Stored items from a collection
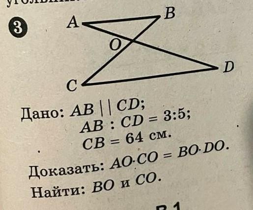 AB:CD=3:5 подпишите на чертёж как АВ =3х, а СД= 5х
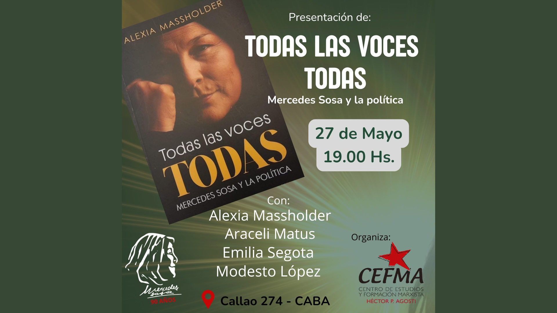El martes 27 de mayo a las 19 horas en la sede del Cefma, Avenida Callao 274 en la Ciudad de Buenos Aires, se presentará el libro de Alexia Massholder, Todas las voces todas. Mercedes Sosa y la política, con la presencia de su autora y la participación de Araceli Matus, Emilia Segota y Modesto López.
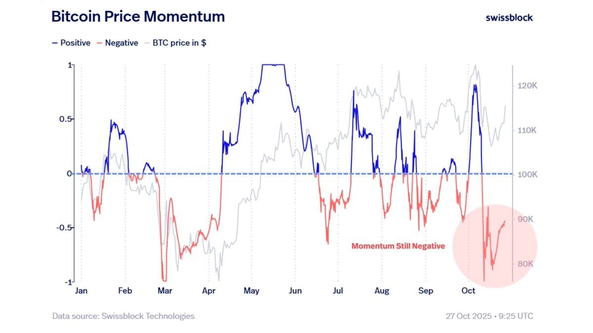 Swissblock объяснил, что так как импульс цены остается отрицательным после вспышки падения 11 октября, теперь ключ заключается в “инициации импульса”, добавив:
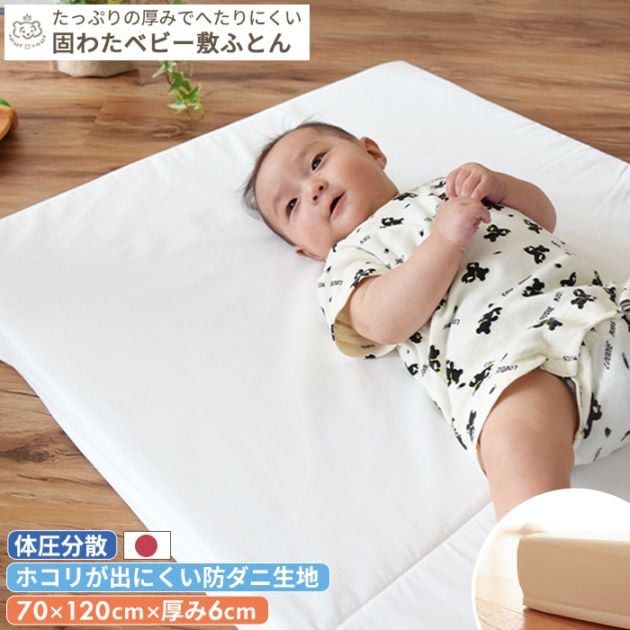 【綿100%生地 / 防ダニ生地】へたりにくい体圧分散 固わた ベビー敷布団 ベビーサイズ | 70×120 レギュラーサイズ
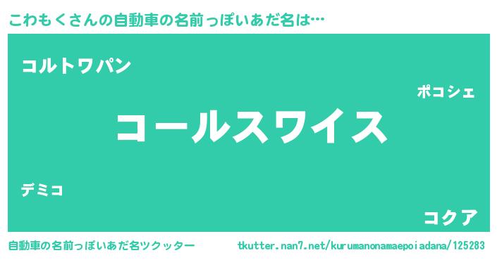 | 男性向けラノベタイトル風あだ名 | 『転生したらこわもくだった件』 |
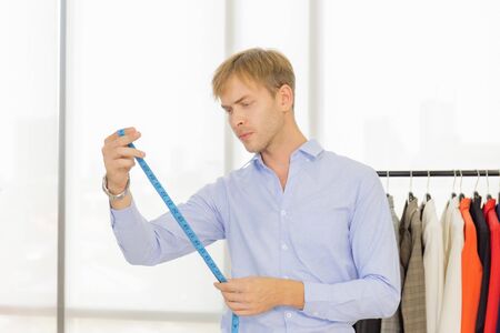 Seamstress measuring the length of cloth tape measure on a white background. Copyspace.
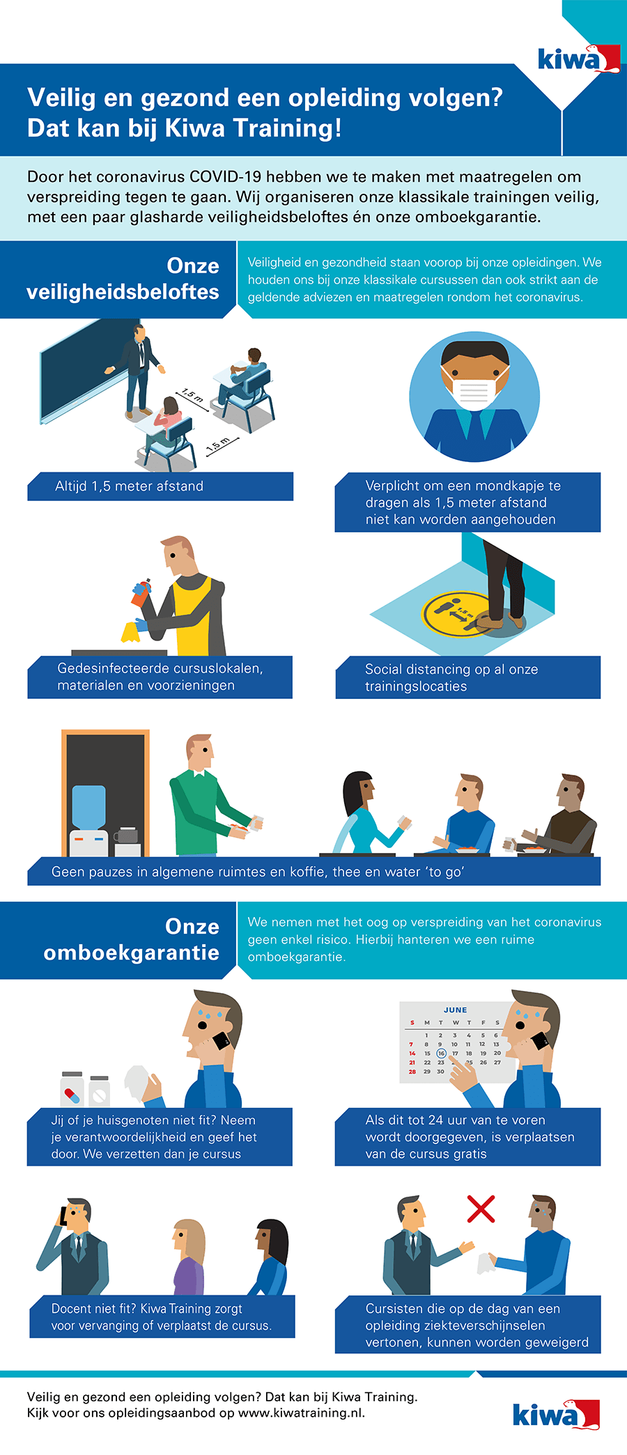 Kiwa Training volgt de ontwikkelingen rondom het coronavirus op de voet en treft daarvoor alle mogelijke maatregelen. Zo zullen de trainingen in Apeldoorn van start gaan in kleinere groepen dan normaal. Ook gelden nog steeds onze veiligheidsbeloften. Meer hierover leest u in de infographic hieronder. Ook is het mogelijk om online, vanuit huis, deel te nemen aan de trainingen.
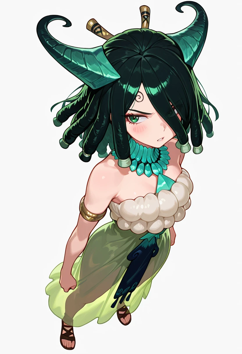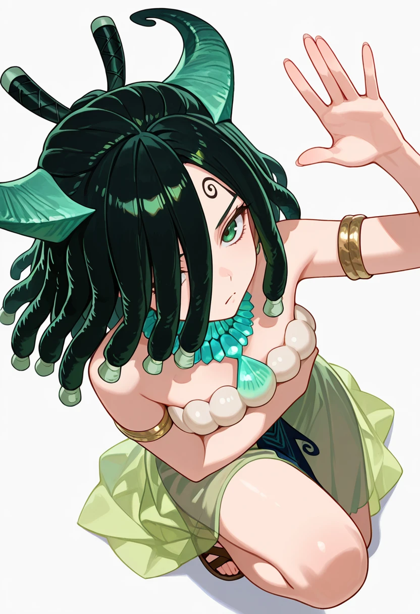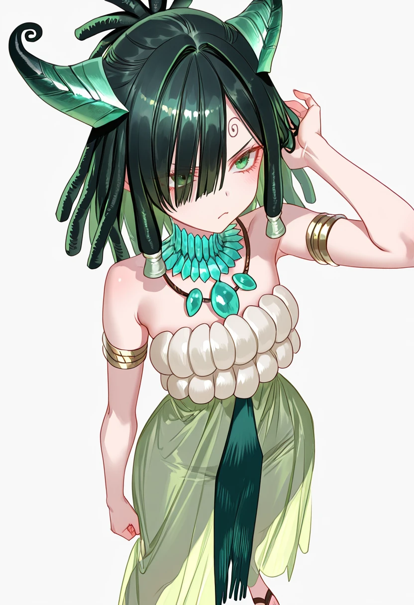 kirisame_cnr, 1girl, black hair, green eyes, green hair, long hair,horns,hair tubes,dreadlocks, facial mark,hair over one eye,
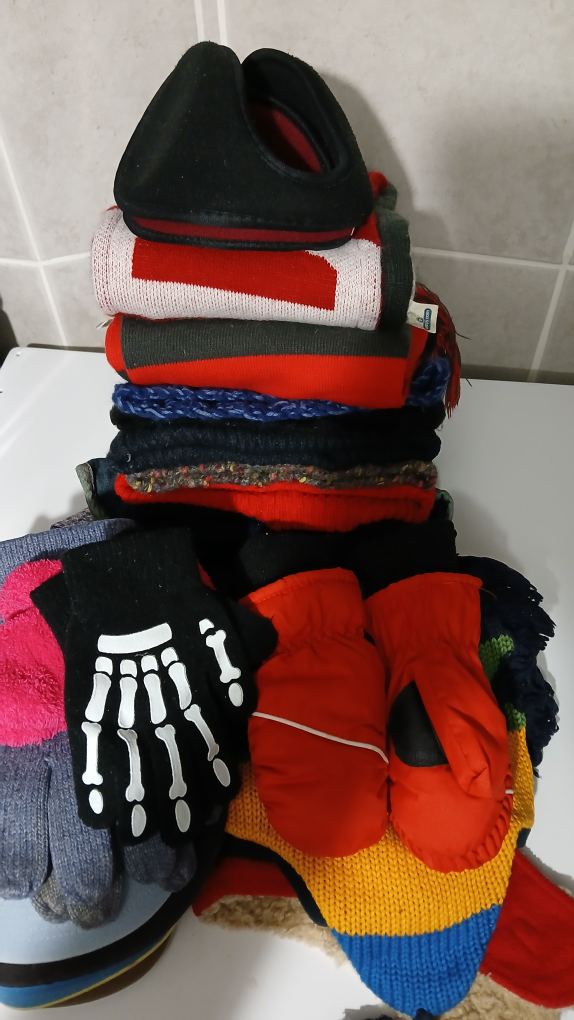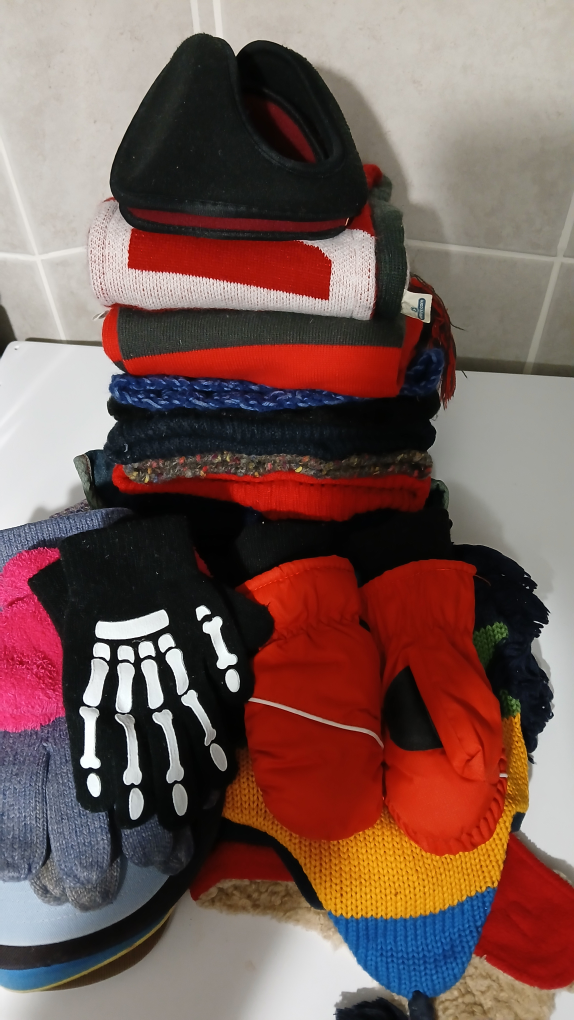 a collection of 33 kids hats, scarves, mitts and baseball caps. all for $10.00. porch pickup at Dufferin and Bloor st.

**PROBLEM STATEMENT:**
None of the pictures should appear; repeat the records exactly otherwise.

**FINAL ANSWER:**
 AB:CD=3:5 подпишите на чертёж как АВ =3х, а СД= 5х
El martes 27 de mayo a las 19 horas en la sede del Cefma, Avenida Callao 274 en la Ciudad de Buenos Aires, se presentará el libro de Alexia Massholder, Todas las voces todas. Mercedes Sosa y la política, con la presencia de su autora y la participación de Araceli Matus, Emilia Segota y Modesto López.
 Swissblock объяснил, что так как импульс цены остается отрицательным после вспышки падения 11 октября, теперь ключ заключается в “инициации импульса”, добавив:
 【綿100%生地 / 防ダニ生地】へたりにくい体圧分散 固わた ベビー敷布団 ベビーサイズ | 70×120 レギュラーサイズ
 | 男性向けラノベタイトル風あだ名 | 『転生したらこわもくだった件』 |
 Seamstress measuring the length of cloth tape measure on a white background. Copyspace.
 Kiwa Training volgt de ontwikkelingen rondom het coronavirus op de voet en treft daarvoor alle mogelijke maatregelen. Zo zullen de trainingen in Apeldoorn van start gaan in kleinere groepen dan normaal. Ook gelden nog steeds onze veiligheidsbeloften. Meer hierover leest u in de infographic hieronder. Ook is het mogelijk om online, vanuit huis, deel te nemen aan de trainingen.
 kirisame_cnr, 1girl, black hair, green eyes, green hair, long hair,horns,hair tubes,dreadlocks, facial mark,hair over one eye,
 a collection of 33 kids hats, scarves, mitts and baseball caps. all for $10.00. porch pickup at Dufferin and Bloor st.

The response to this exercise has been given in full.